The publication of Hidden Voices: Stories of the Global African Diaspora is a highly significant development in the ever-evolving determination to improve and enhance the education of our young people,” said Michael A. Gomez, Silver Professor of History and Middle Eastern and Islamic Studies, Director, Center for the Study of Africa and the African Diaspora (CSAAD), New York University. “Written by leading scholars of the day, the articles comprising Hidden Voices explore in some depth the lives of African-descended persons in both Africa and its diaspora, ranging in notoriety, who individually and collectively made signal contributions to history. This exploration is highly interactive, providing teachers with innovative tools by which they may lead students in further researching the persons and circumstances featured. Students will undoubtedly benefit from these accounts, as they bear a direct relationship to their own diverse communities and experiences. Hidden Voices is a wonderful achievement.”

“We are all the beneficiaries of the innovations, creativity, and work of Africans and people of African descent. That is, one cannot understand the making of the modern world without an understanding of the history of Africa and the global African Diaspora,” said Omar H. Ali, PhD, Professor of History and Dean, Lloyd International Honors College, University of North Carolina at Greensboro. “Through a range of inspiring biographies, textured primary sources, and thought-provoking questions, Hidden Voices brings to life the ways in which Black people since antiquity have made the world we are in and of which we – each and every one of us – are an inextricable part."

“At a time when many school districts and states are intent on hiding the complex history of people of African descent in the US and around the world, this project is intent on putting in front of students the experiences of Black communities, the contributions of Black individuals, and all of the complexities connect these pasts to our difficult, painful, but also hopeful present,” said Trevor Getz, Professor of African and World History, Department Chair Secondary Education, San Francisco State University, President, World History Association. “It’s a project that reaffirms our collective humanity through the study of the creativity, production, achievement, and struggles of an often silenced community.”

ABOUT THE AUTHORS

The lead scholar was Michael A. Gomez, New York University.

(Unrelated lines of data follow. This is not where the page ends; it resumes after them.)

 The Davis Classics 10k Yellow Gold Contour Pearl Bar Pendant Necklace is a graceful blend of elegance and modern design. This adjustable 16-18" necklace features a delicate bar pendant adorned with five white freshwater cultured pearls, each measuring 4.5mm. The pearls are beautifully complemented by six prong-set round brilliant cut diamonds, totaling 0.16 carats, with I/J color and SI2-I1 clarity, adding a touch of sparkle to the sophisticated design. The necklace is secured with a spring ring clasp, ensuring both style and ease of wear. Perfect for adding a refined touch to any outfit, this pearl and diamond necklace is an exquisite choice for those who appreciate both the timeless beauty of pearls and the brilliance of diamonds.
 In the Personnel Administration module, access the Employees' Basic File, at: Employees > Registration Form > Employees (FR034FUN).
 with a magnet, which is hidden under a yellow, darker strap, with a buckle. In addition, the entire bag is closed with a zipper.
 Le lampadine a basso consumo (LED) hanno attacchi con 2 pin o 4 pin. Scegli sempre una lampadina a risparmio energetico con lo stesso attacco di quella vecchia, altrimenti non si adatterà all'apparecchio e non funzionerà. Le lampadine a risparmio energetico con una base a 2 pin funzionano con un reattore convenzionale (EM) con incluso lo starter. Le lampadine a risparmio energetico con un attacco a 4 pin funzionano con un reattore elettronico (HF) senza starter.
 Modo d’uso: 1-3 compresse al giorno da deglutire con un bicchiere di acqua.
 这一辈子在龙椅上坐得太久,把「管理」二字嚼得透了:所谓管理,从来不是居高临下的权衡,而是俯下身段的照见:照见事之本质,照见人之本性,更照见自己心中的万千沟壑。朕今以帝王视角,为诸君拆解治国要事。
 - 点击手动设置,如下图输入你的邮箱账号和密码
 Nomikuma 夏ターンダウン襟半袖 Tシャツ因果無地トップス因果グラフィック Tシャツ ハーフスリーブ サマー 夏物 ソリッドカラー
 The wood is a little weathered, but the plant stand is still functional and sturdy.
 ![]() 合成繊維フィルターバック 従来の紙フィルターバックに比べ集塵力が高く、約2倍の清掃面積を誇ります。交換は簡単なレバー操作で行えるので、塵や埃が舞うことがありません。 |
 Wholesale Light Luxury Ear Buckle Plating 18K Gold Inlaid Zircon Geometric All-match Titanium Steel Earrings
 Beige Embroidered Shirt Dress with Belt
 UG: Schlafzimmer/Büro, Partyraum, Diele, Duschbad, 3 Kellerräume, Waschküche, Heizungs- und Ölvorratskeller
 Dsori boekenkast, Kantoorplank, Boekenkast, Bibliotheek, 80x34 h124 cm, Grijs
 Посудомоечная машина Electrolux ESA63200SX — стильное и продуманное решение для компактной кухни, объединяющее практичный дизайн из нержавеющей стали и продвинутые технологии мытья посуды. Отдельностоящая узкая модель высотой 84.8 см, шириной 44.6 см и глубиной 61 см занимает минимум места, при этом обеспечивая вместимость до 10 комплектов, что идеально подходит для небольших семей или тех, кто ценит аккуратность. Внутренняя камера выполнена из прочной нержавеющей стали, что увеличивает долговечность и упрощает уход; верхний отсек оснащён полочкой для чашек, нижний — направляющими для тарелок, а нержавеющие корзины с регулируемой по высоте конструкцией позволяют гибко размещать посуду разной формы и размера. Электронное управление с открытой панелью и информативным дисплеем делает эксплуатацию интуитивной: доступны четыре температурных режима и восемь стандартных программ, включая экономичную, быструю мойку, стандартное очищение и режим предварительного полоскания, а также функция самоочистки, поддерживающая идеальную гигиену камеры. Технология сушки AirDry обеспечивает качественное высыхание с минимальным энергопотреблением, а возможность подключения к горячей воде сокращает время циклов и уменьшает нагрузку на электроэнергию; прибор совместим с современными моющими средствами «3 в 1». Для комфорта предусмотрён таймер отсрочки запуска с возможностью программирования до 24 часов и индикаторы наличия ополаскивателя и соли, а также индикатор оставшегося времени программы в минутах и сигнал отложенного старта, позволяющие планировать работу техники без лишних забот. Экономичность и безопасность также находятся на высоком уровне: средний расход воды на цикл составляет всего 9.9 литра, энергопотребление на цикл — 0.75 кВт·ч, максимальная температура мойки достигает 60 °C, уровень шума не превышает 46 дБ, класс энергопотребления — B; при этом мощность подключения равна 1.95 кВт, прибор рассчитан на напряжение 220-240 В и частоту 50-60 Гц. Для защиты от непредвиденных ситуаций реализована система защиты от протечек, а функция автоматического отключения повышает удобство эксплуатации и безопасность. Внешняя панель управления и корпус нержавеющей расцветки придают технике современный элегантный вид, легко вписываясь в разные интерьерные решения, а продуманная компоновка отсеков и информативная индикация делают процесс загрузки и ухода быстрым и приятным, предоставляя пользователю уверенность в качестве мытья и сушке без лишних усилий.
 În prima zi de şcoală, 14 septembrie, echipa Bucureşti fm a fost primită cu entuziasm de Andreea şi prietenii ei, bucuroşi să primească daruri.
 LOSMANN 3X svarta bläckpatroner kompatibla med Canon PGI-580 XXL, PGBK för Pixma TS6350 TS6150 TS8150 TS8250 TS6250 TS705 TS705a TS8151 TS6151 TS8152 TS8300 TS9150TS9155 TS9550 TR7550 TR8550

Contributing scholars are: 

  • Omar Ali, University of North Carolina at Greensboro
  • Solange Ashby, Barnard College
  • Lissette Acosta Corniel, Assistant Professor, Department of Race and Ethnic Studies, BMCC  
  • Sharika Crawford, US Naval Academy
  • Trevor Getz, San Francisco State University
  • Walter Greason, Macalester College
  • Rebecca Hall, Independent Scholar
  • Kwasi Konadu, Colgate University
  • Michael Long, Independent Scholar
  • Tyesha Maddox, Fordham University
  • Allyson Schettino, New-York Historical Society
  • Robyn C. Spencer-Antoine, Lehman College
  • Ben Talton, Howard University
  • Leo Velloso-Lyons, Cornell University 
  • Yohuru Williams, University of St. Thomas

ABOUT HIDDEN VOICES

The Hidden Voices initiative was started in direct response to feedback we received from educators who wanted support in embedding content into their lessons that reflects the cultures and diversity in their classrooms. The Hidden Voices guides are designed to align with Passport to Social Studies, the curriculum designed by NYC Public Schools and used in more than 90 percent of schools citywide. Each profile in Hidden Voices includes focus questions to help teachers think about how the profile can be used when teaching different aspects of the curriculum, as well as guidance for relevant grades, units, and lesson plans within Passport.